Problem requirements - Transcribe each record precisely; images stay out.

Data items

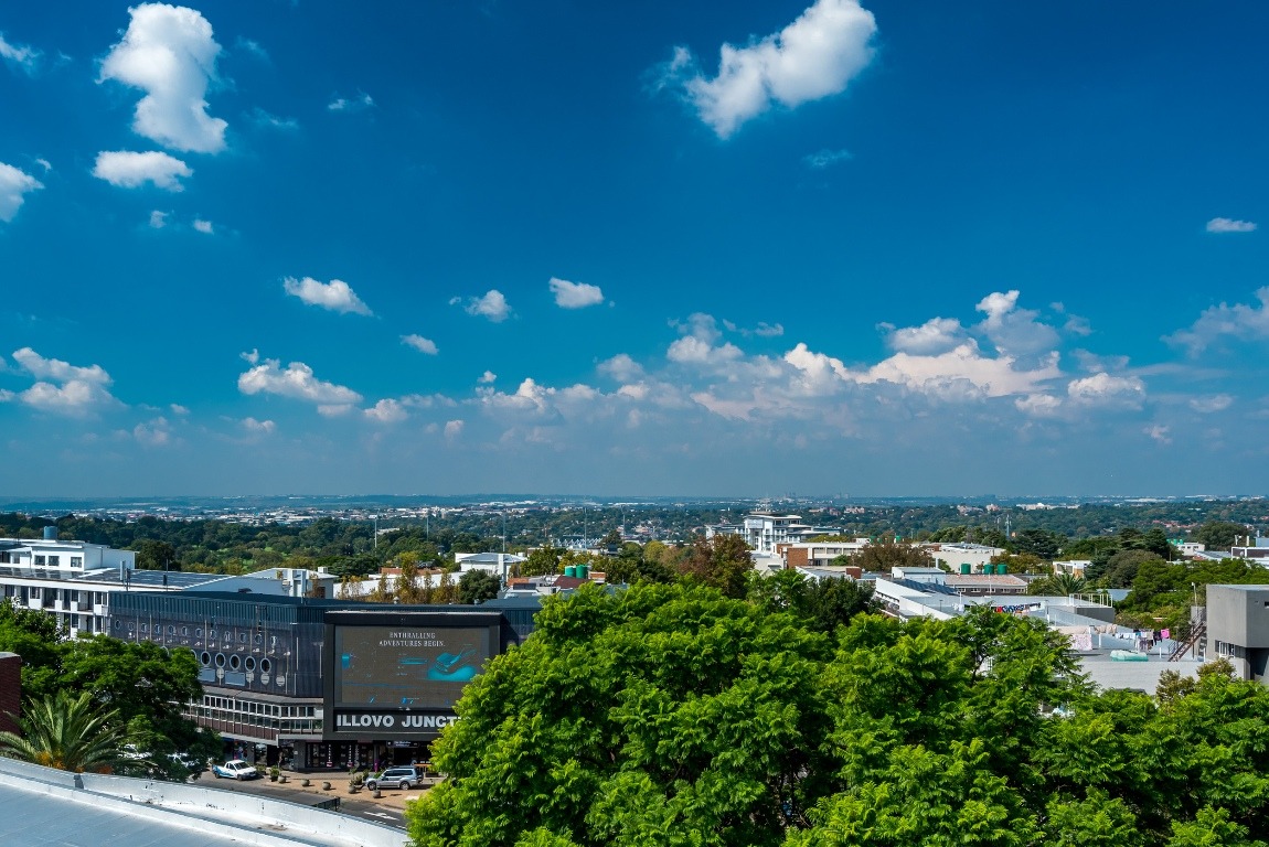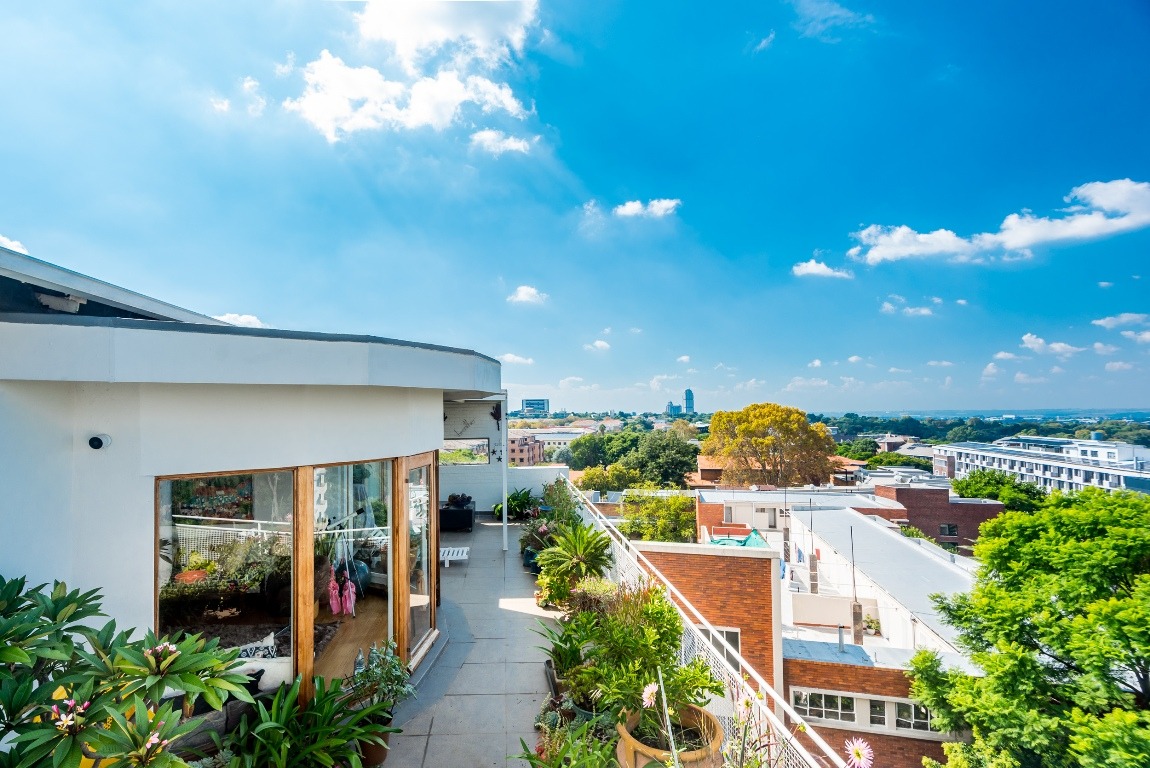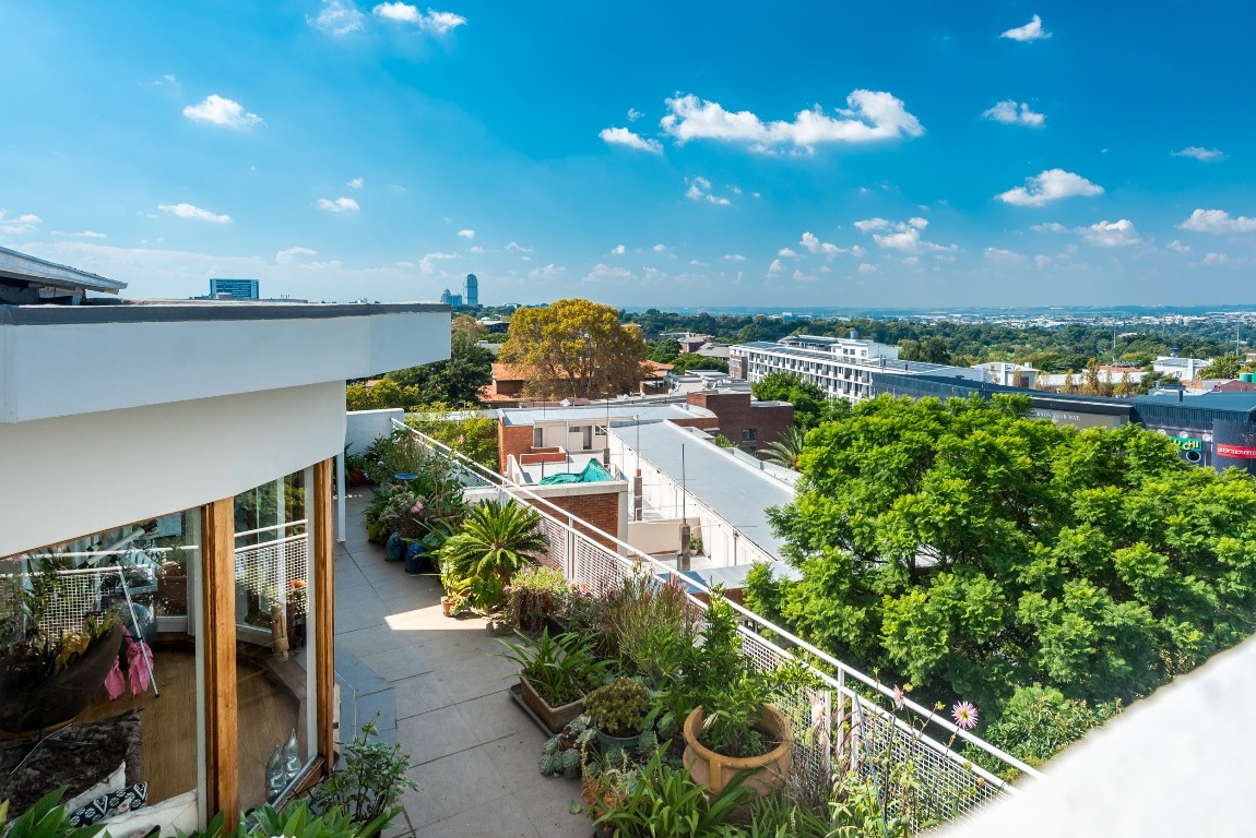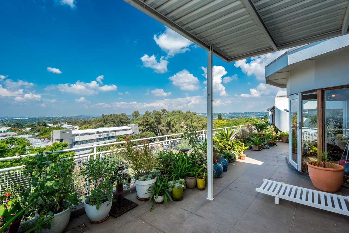 There is an indescribable feeling of freedom as you look out across the suburb of Illovo unfolding below, encompassing the Wanderers stadium to one side, the Sandton skyline to another and views extending unbroken to the eastern horizon.
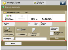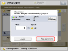 Istnieje możliwość skanowania i zapisania do 999 stron jednocześnie. Jeżeli dwustronne oryginały są skanowane za pomocą podajnika, istnieje możliwość zapisanie do 1000 stron. Po osiągnięciu maksymalnej liczby zeskanowanych oryginałów, wyświetlony zostaje komunikat z zapytaniem o zapisanie.
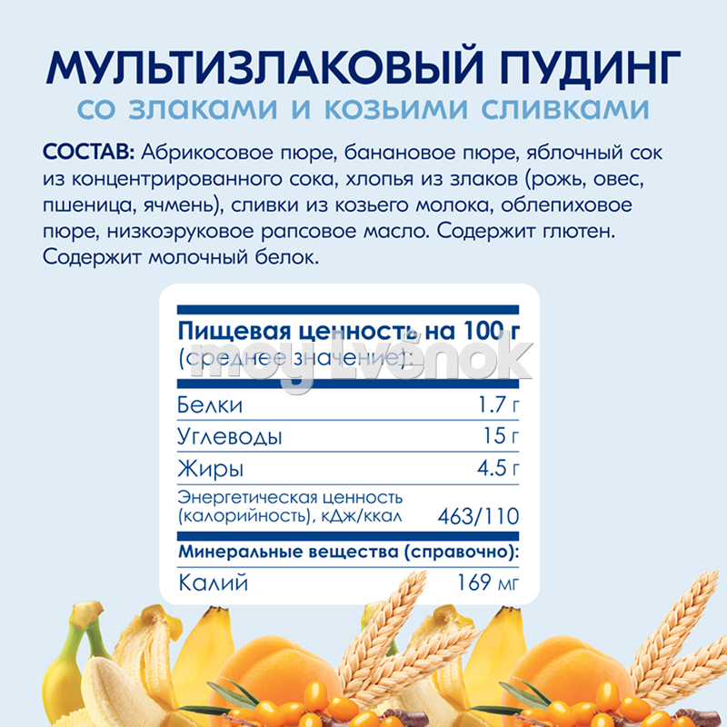 Абрикосовое пюре, банановое пюре, яблочный сок из концентрированного сока, хлопья из злаков (рожь, овес, пшеница, ячмень), сливки из козьего молока, облепиховое пюре, низкоэруковое рапсовое масло. Содержит глютен. Содержит молочный белок.
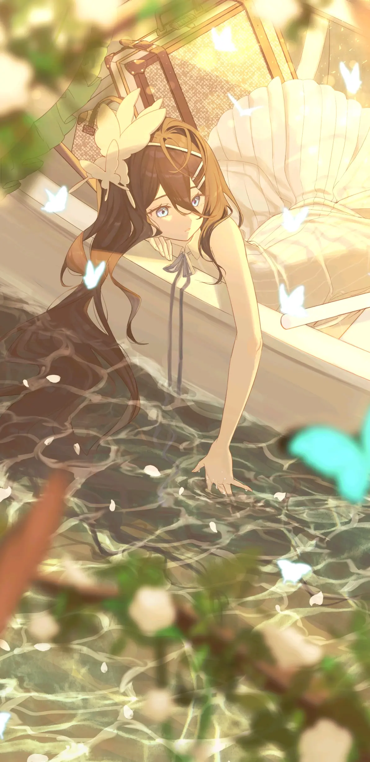 船舶插画特辑以水波荡漾之美为核心主题,描绘了水边景色的艺术魅力。画面展现一条被水淹没的狭窄街道,右侧金发少女身穿蓝色连衣裙,手持饮料立于水边,表情缥缈。街道中央,小船载着红发角色在水中穿行。周围日式风格的建筑和霓虹招牌在水面形成倒影,光影交错。细腻的描写,如角色表情和水面反射,营造出宁静而略带奇幻的氛围,呈现城市被水覆盖的独特美感,吸引观赏者视线。
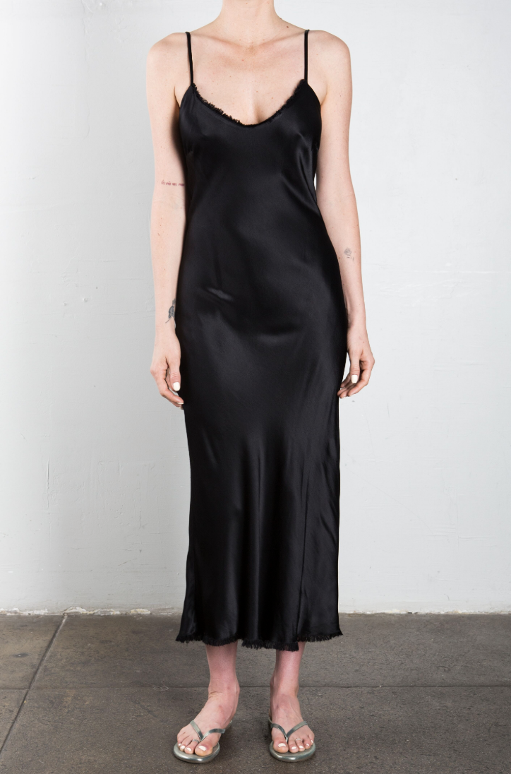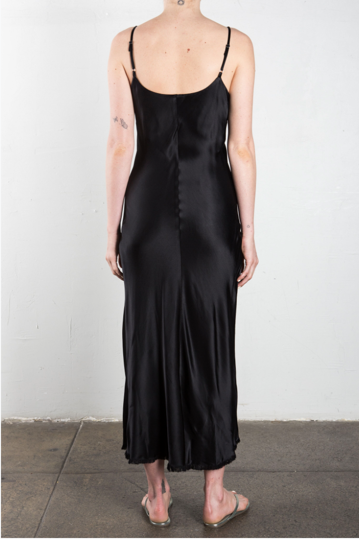 The perfect effortless piece! Garment washed to create a vintage satin looking worn-in feel. This dress is cut on the bias and falls nicely on a lot of different body types. There is a raw edge trim in front of neckline as well as a fringe hem detail. 100% rayon - dry clean recommended. Model is 5'9", typically wears a size 25 jean and is wearing a size 1.
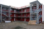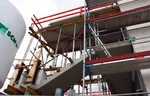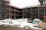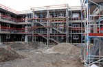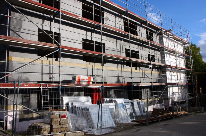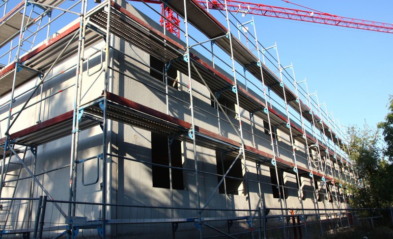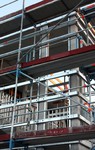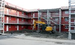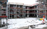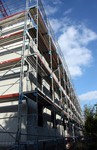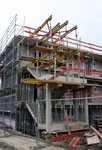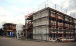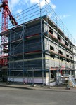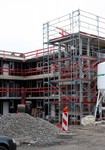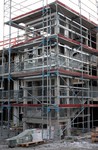 Die erste Etage ist aufgebaut. Zudem hat der Innenausbau schon seit längerem begonnen. Das Gebäude wird eingerüstet.
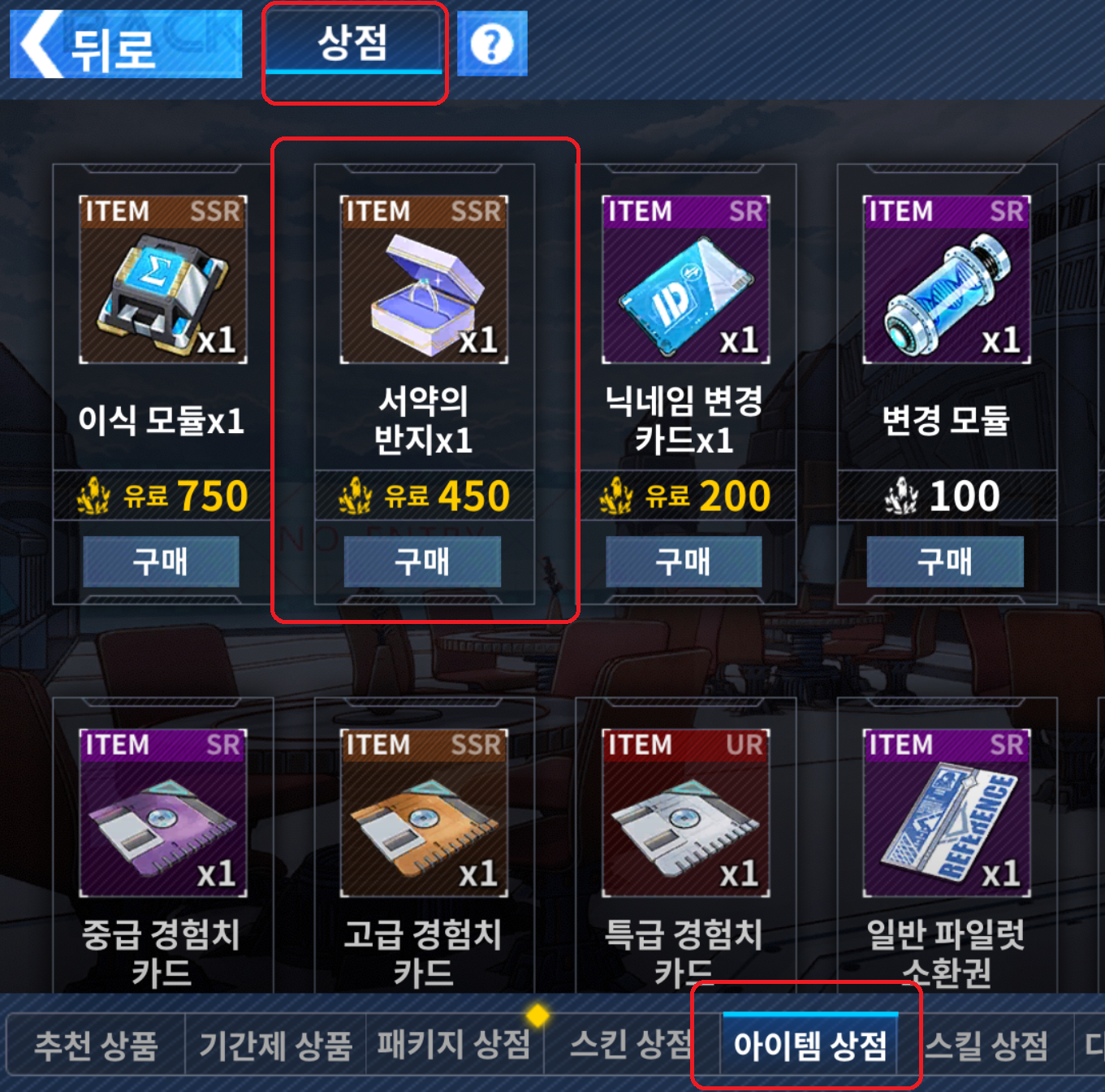 상점 > 아이템 상점 > 서약의 반지 순으로 사시면 됩니다.
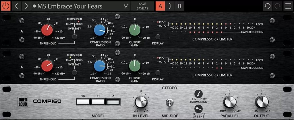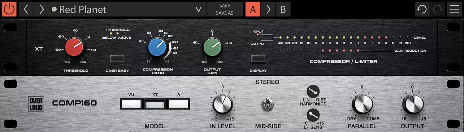 Più caldo e armonicamente più denso, con una presenza migliorata sulle basse frequenze e un'estremità inferiore più piena. La versione XT offre un suono più morbido e versatile rispetto al VU. Offre un'estremità inferiore più ricca e una struttura armonica eccellente, grazie al trasformatore opzionale installato nel modello di riferimento. La versione XT è inoltre dotata del controllo Overeasy, che abilita la curva di compressione soft-knee.
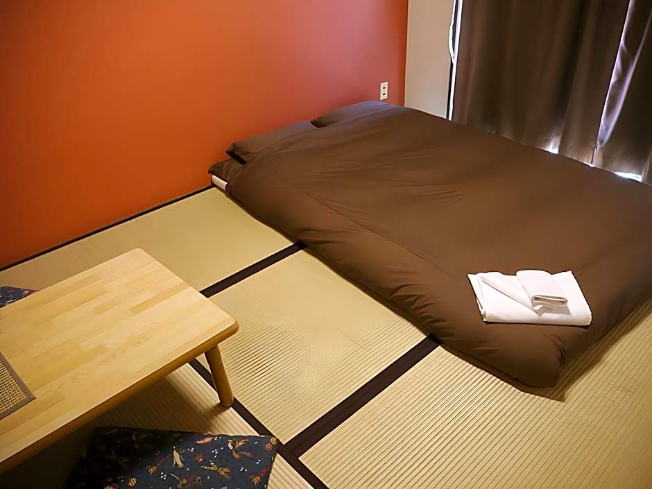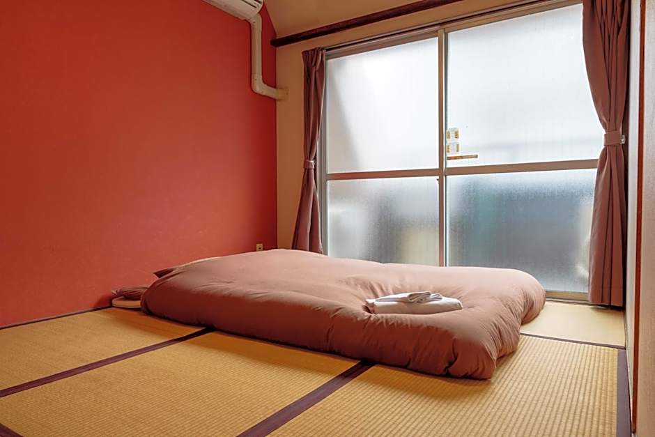 Features tatami (woven-straw) flooring and 1 large Japanese futon mattress in a private air-conditioned room with free Wi-Fi. Bathrooms and toilets are shared. Towels can be rented.
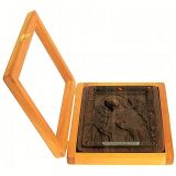 Икона выполнена из массива мореного дуба, покрыта льняным маслом и украшена янтарем. Киот выполнен из натуральной мореной березы, покрытой маслом.
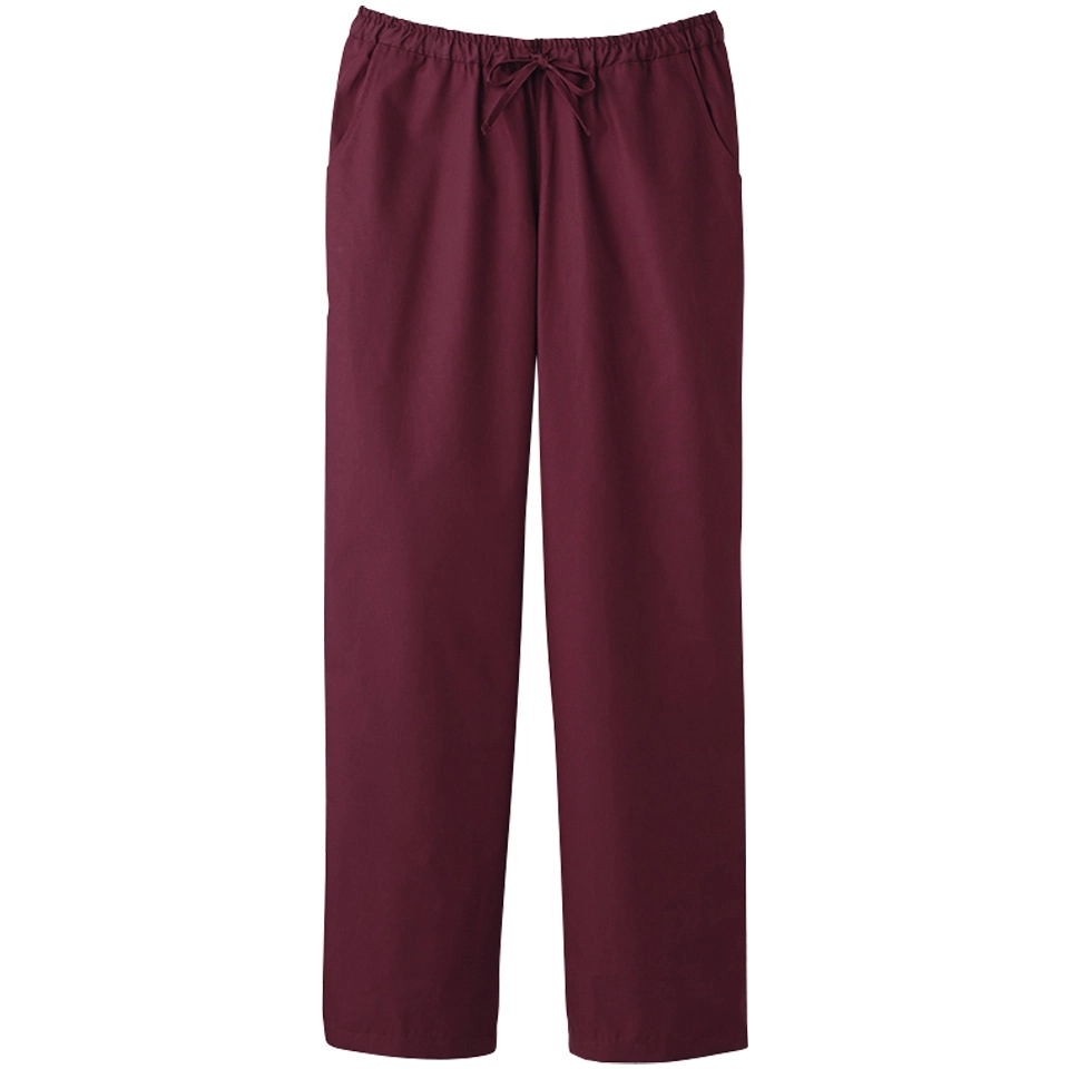 素材:スクラブポプリン ポリエステル65%綿35%仕様:総ゴム、両脇ポケット、後ろポケット付、ウエストひも入り
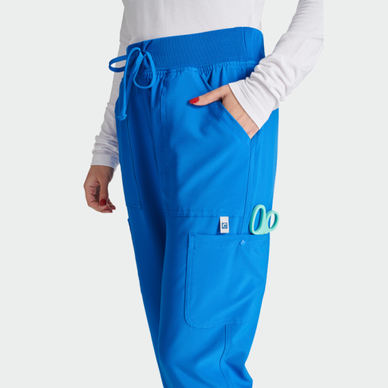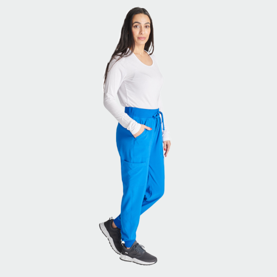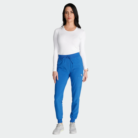 Elegant, women's jogger scrub trousers CK249A of the CHEROKEE brand have a comfortable, modern line and a narrowed leg silhouette.
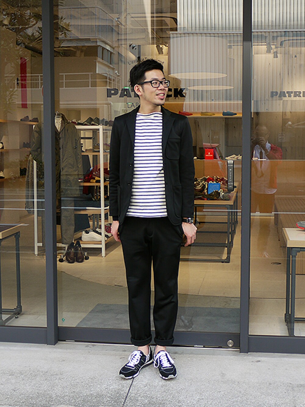 前回に引続き、 "セットアップ" !! 今回はカラー違いのブラックのモノトーンコーデに。 足元は新作の「KINGBIRD+」のブラック。 以前にもご紹介した「KINGCRAFT(キングクラフト)」の兄弟モデルで、 KINGCRAFTは "ヌバック素材" を使用した高級感ある一足でしたが、 今回のモデルは、"ナイロン×ベロア" を使ったカジュアルテイストな一足に仕上がっております。

Worked solution -
 There is an indescribable feeling of freedom as you look out across the suburb of Illovo unfolding below, encompassing the Wanderers stadium to one side, the Sandton skyline to another and views extending unbroken to the eastern horizon.
 Istnieje możliwość skanowania i zapisania do 999 stron jednocześnie. Jeżeli dwustronne oryginały są skanowane za pomocą podajnika, istnieje możliwość zapisanie do 1000 stron. Po osiągnięciu maksymalnej liczby zeskanowanych oryginałów, wyświetlony zostaje komunikat z zapytaniem o zapisanie.
 Абрикосовое пюре, банановое пюре, яблочный сок из концентрированного сока, хлопья из злаков (рожь, овес, пшеница, ячмень), сливки из козьего молока, облепиховое пюре, низкоэруковое рапсовое масло. Содержит глютен. Содержит молочный белок.
 船舶插画特辑以水波荡漾之美为核心主题,描绘了水边景色的艺术魅力。画面展现一条被水淹没的狭窄街道,右侧金发少女身穿蓝色连衣裙,手持饮料立于水边,表情缥缈。街道中央,小船载着红发角色在水中穿行。周围日式风格的建筑和霓虹招牌在水面形成倒影,光影交错。细腻的描写,如角色表情和水面反射,营造出宁静而略带奇幻的氛围,呈现城市被水覆盖的独特美感,吸引观赏者视线。
 The perfect effortless piece! Garment washed to create a vintage satin looking worn-in feel. This dress is cut on the bias and falls nicely on a lot of different body types. There is a raw edge trim in front of neckline as well as a fringe hem detail. 100% rayon - dry clean recommended. Model is 5'9", typically wears a size 25 jean and is wearing a size 1.
 Die erste Etage ist aufgebaut. Zudem hat der Innenausbau schon seit längerem begonnen. Das Gebäude wird eingerüstet.
 상점 > 아이템 상점 > 서약의 반지 순으로 사시면 됩니다.
 Più caldo e armonicamente più denso, con una presenza migliorata sulle basse frequenze e un'estremità inferiore più piena. La versione XT offre un suono più morbido e versatile rispetto al VU. Offre un'estremità inferiore più ricca e una struttura armonica eccellente, grazie al trasformatore opzionale installato nel modello di riferimento. La versione XT è inoltre dotata del controllo Overeasy, che abilita la curva di compressione soft-knee.
 Features tatami (woven-straw) flooring and 1 large Japanese futon mattress in a private air-conditioned room with free Wi-Fi. Bathrooms and toilets are shared. Towels can be rented.
 Икона выполнена из массива мореного дуба, покрыта льняным маслом и украшена янтарем. Киот выполнен из натуральной мореной березы, покрытой маслом.
 素材:スクラブポプリン ポリエステル65%綿35%仕様:総ゴム、両脇ポケット、後ろポケット付、ウエストひも入り
 Elegant, women's jogger scrub trousers CK249A of the CHEROKEE brand have a comfortable, modern line and a narrowed leg silhouette.
 前回に引続き、 "セットアップ" !! 今回はカラー違いのブラックのモノトーンコーデに。 足元は新作の「KINGBIRD+」のブラック。 以前にもご紹介した「KINGCRAFT(キングクラフト)」の兄弟モデルで、 KINGCRAFTは "ヌバック素材" を使用した高級感ある一足でしたが、 今回のモデルは、"ナイロン×ベロア" を使ったカジュアルテイストな一足に仕上がっております。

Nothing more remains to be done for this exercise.